"""
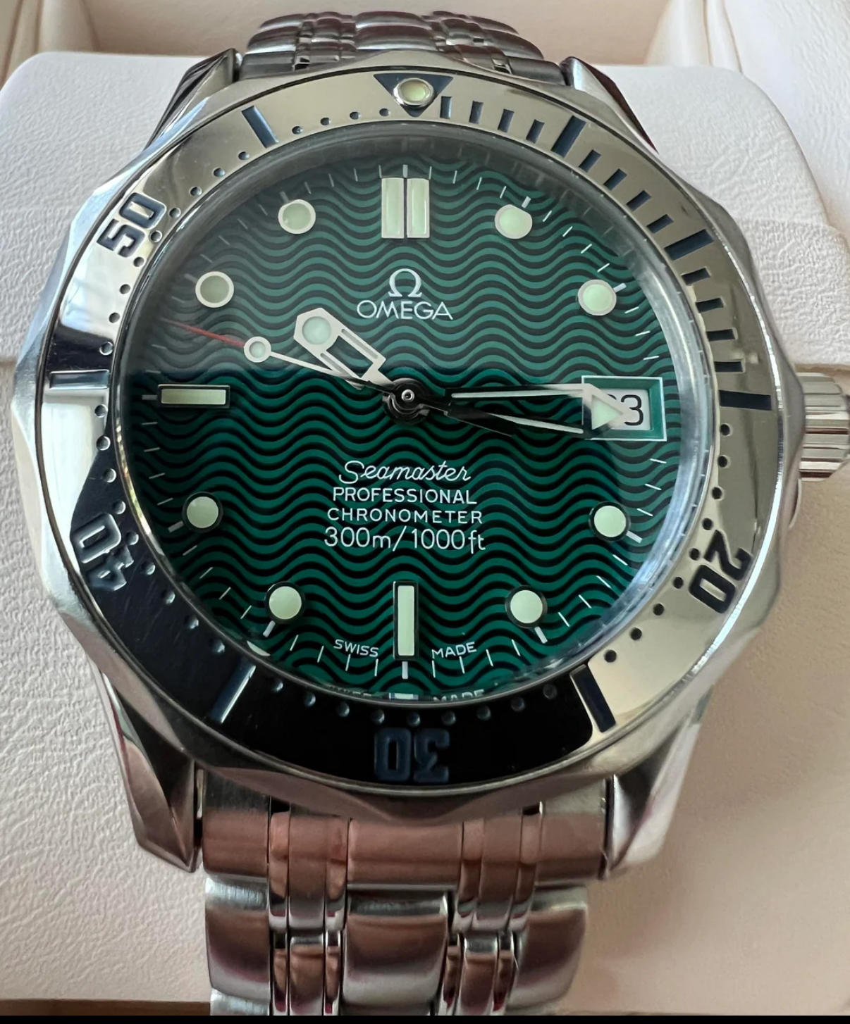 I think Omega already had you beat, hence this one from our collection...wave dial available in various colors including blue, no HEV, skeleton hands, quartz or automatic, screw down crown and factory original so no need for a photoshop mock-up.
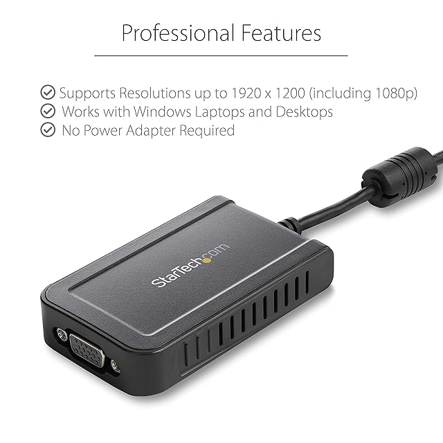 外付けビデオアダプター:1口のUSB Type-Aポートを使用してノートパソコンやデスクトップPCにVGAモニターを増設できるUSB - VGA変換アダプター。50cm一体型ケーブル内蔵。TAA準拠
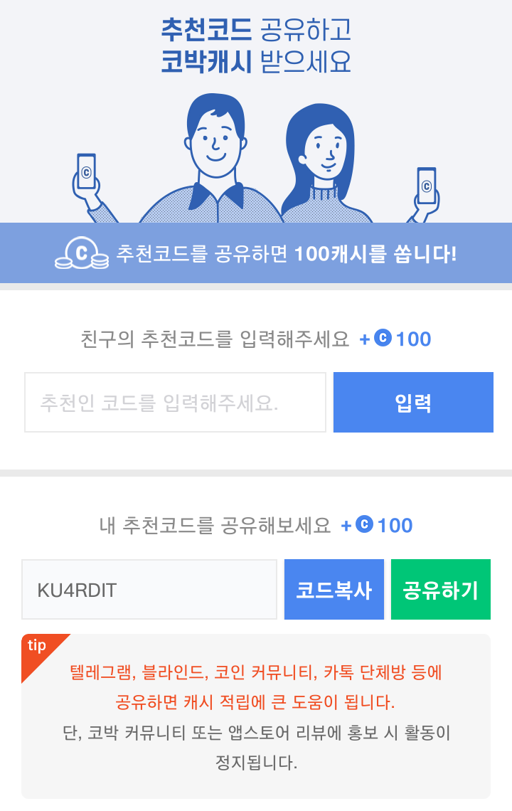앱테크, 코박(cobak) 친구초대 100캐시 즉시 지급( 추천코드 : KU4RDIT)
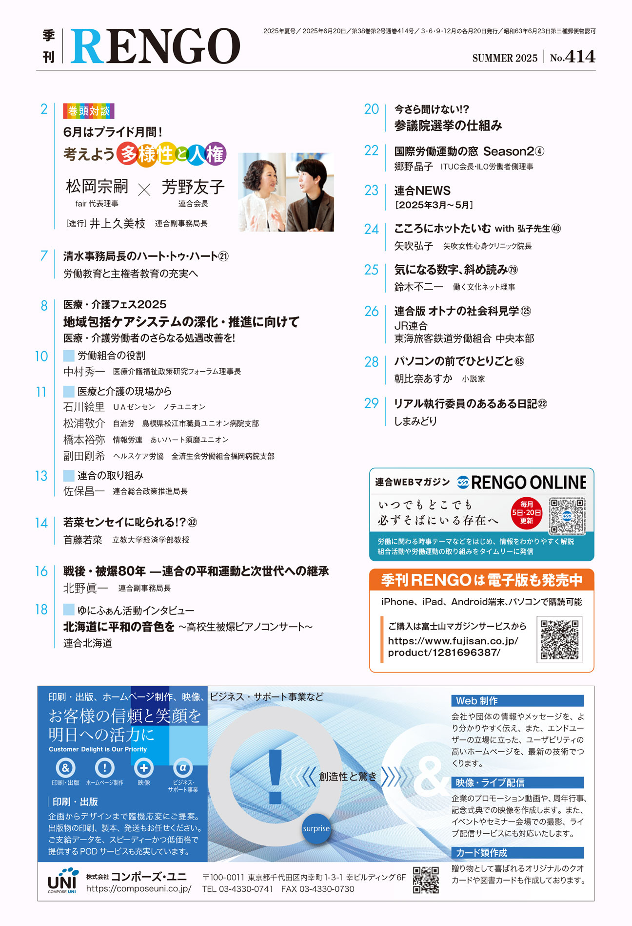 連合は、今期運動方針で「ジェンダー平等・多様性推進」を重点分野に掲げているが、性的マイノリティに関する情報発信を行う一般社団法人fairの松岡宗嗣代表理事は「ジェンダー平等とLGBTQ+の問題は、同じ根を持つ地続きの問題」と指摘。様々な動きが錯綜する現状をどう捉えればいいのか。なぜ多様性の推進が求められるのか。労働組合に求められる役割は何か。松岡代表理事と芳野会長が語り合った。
"""
- **EXERCISE**
Reproduce the material above verbatim; omit every picture.

- **OUTPUT FOR THIS EXERCISE**
 I think Omega already had you beat, hence this one from our collection...wave dial available in various colors including blue, no HEV, skeleton hands, quartz or automatic, screw down crown and factory original so no need for a photoshop mock-up.
 外付けビデオアダプター:1口のUSB Type-Aポートを使用してノートパソコンやデスクトップPCにVGAモニターを増設できるUSB - VGA変換アダプター。50cm一体型ケーブル内蔵。TAA準拠
앱테크, 코박(cobak) 친구초대 100캐시 즉시 지급( 추천코드 : KU4RDIT)
 連合は、今期運動方針で「ジェンダー平等・多様性推進」を重点分野に掲げているが、性的マイノリティに関する情報発信を行う一般社団法人fairの松岡宗嗣代表理事は「ジェンダー平等とLGBTQ+の問題は、同じ根を持つ地続きの問題」と指摘。様々な動きが錯綜する現状をどう捉えればいいのか。なぜ多様性の推進が求められるのか。労働組合に求められる役割は何か。松岡代表理事と芳野会長が語り合った。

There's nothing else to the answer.